In Italy there is an academic literature about la fuga dei cervelli dating back more than a decade (for some key studies see Associazione Dottori di Ricerca Italian 2001; Avveduto & Brandi, 2004; Becker, Ichino, & Peri, 2004; Morano-Foadi, 2006), with the brain-drain phenomenon itself traceable to the 1990s. There are several worrying trends revealed by findings in this literature. For instance, Becker et al. find a quadrupling of the share of graduates amongst total emigrants during the 1990s; at the end of the decade there were eight times more Italian graduates living abroad than there were foreign graduates living in Italy (Becker et al., 2004, p. 25). Graduate emigration from Italy was also found to be academically selective. Migration propensity is higher amongst those with top-class degrees from the more prestigious universities (Becker et al., 2004, pp. 25–26; Di Pietro, 2005, p. 20).

Another change noted by recent commentators on Italian graduate migration is a shift in the types of job graduates are willing to take when they move abroad.

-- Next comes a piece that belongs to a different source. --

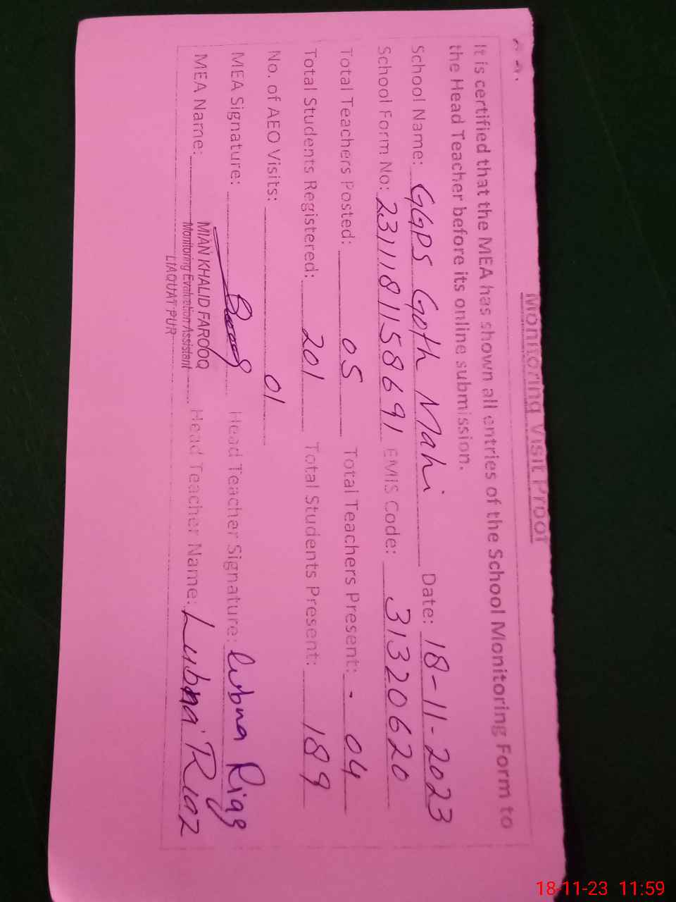 | Attendance Register | Head Teacher | MEA with School | Visit Proof |
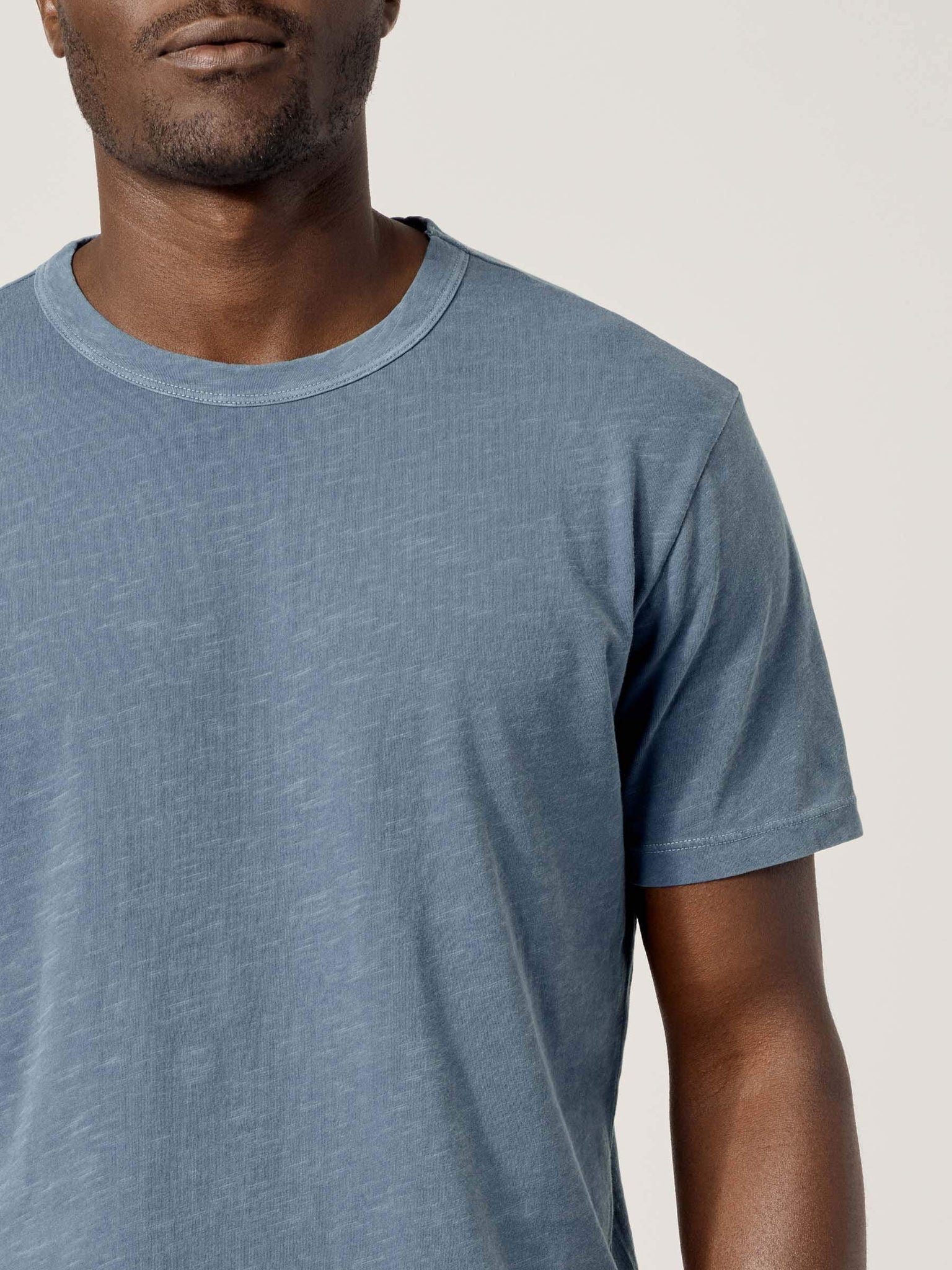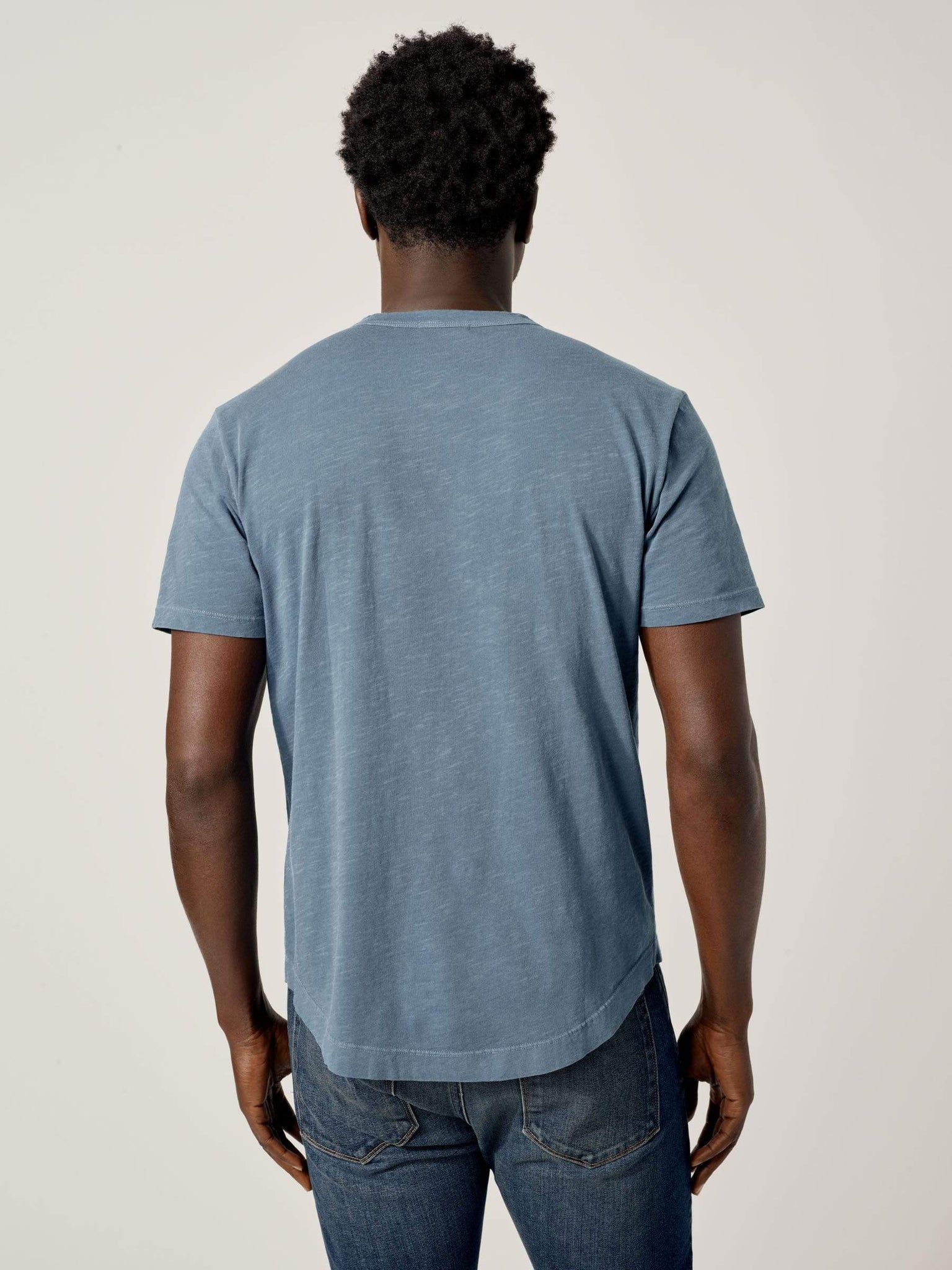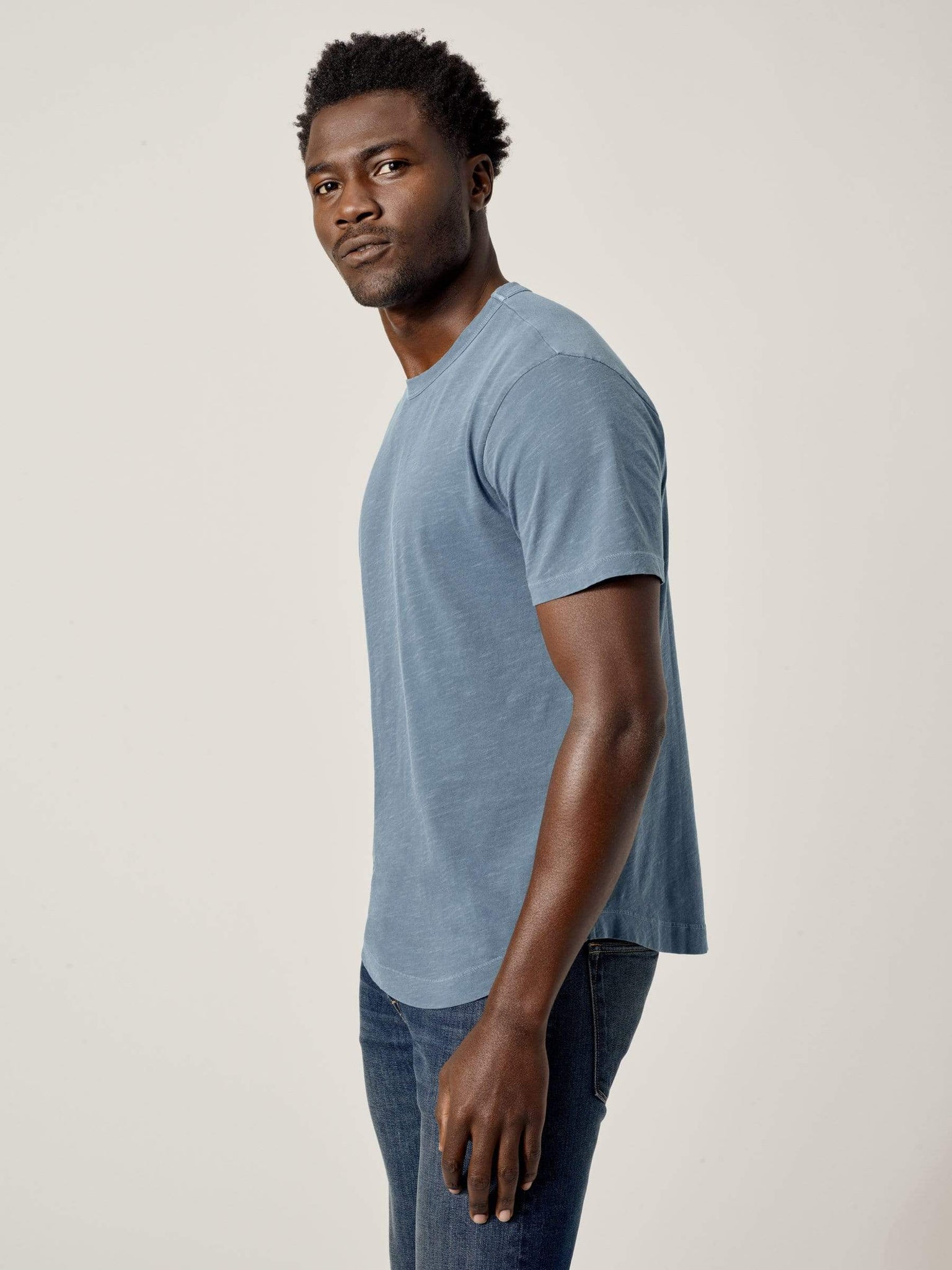 Our slub curved hem tee is built from beautiful 100% slub cotton. Slub is a lightly textured fabric made on small batch, low-tension looms. The neck opening leaves room to breathe, while the rounded shirttail lends a tailored look to an everyday essential.

According to a recent Economist article unedifyingly titled ‘PIGS can fly’, the pre-crisis migrants arrived in London to take well-paid ‘Eurostar’ jobs in London’s banks, hedge funds and consultancies, or to research and teach in Britain’s universities. Now the migrants are more numerous, and more desperate. According to the Economist article, ‘most new arrivals tend to start out in poorly paid work and live in the cheaper bits of inner London. Getting professional qualifications approved is expensive and finding good jobs takes time. Work in the catering industry, by contrast, is plentiful’.4 Here, we see evidence of ‘brain waste’ since, like many recent graduates from the Eastern European accession countries, migration facilitates access to employment but often way below the formal qualification levels held by the migrants.5

As with all statistics on intra-European migration in the era of free movement, estimates of the number of Italians living in the UK are no better than informed guesses. The 2011 Census recorded 130,000 Italian-born, but many of these are long-resident and now elderly labour migrants who arrived in the 1950s and 1960s. Guesstimates put the real scale of the Italian presence as at least 200,000 – the opposite situation to the German case where the Germany-born total exceeds the ‘real’ German presence by roughly similar numbers.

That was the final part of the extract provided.